In tracing, field values are evaluated lazily when the event is actually recorded. If the event is filtered out because its level is disabled, the costly operation to compute the value is never run.

use tracing::{debug, info, trace};
use std::collections::HashMap;

fn process_complex_data(data: &HashMap<String, Vec<u64>>) {
    // This `debug!` macro checks the level first.
    // If DEBUG logging is disabled, the closure is NEVER called.
    debug!(
        processed_data = ?{
            // This is a potentially expensive serialization/summary
            let mut total = 0;
            for vec in data.values() {
                total += vec.iter().sum::<u64>();
            }
            format!("Processed {} keys, sum={}", data.len(), total)
        },
        "Finished processing"
    );

    // Another example: only serialize this large struct for tracing at the TRACE level.
    trace!(full_input = ?serde_json::to_string(data).ok(), "Trace detail");

    info!("This info log is cheap and always runs if INFO is enabled.");
}

This is a critical habit. I once optimized a hot path by 5% just by moving expensive debug formatting behind a level check. It ensures your observability doesn’t become the source of your performance problems.
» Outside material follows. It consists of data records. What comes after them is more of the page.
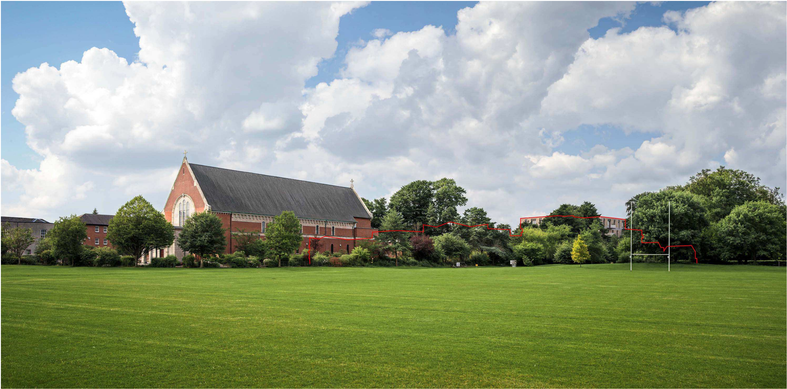
Angle of View 73° Horizontal ( 24 mm Lens ) Angle of View 39° Horizontal ( 50 mm Lens )

NOTE: This document is for discussion purpose only. All figures shown are an approximate estimation and are subject to further design development, accurate site survey and services (drainages, ESB, gas, etc.) and potential existing site restrictions (flooding, trees preservation, traffic, fire etc.). Please note also that any proposed concept layout in this document is subject to full planning permission being granted.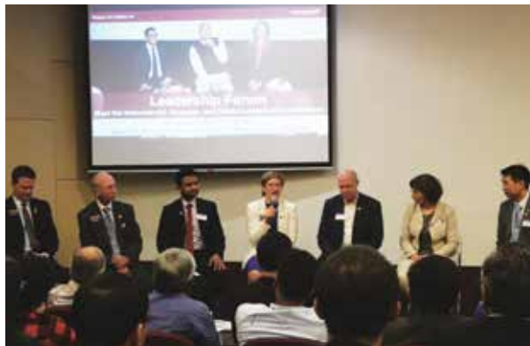
District leaders from various regions addressing the delegates.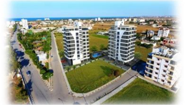
Vanora Park Salmis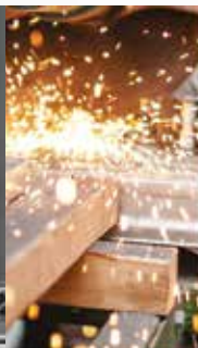
INSTANT WORKABLE FINISH NO HEAT, NO BURRS & VIRTUALLY NO SPARKS WHEN CUTTING STEEL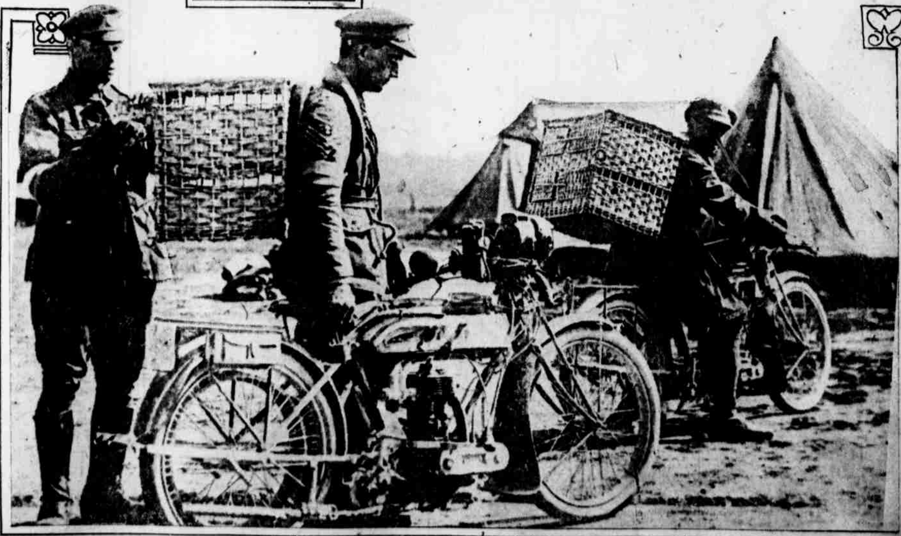
MOTORCYCLES ARE USED in transporting carrier pigeons back and forth, along the battlefield by British Tommies.

Bringing it all together, effective observability in Rust isn’t about using one perfect tool. It’s about combining these techniques into a cohesive strategy. You use structured logging for discrete events, spans to group them contextually, and dynamic control to adjust detail on the fly. You emit metrics for system health and dashboards. You propagate traces to understand cross-service flows. You send all this data to external platforms where you can visualize and alert on it. And you do it all in a way that respects the performance profile of your application.

The goal is to shift from reacting to outages to understanding behavior. When a user reports a problem, you should be able to find their trace, see their logs, and check the relevant metrics for the time of the error, often without needing to reproduce the issue locally. It turns production debugging from a panic-stricken hunt into a methodical investigation. Rust, with its focus on zero-cost abstractions, lets you build this visibility without giving up the speed and safety that brought you to the language in the first place. Start with structured logging, then add spans, then metrics. Soon, you’ll have a system that tells you its own story.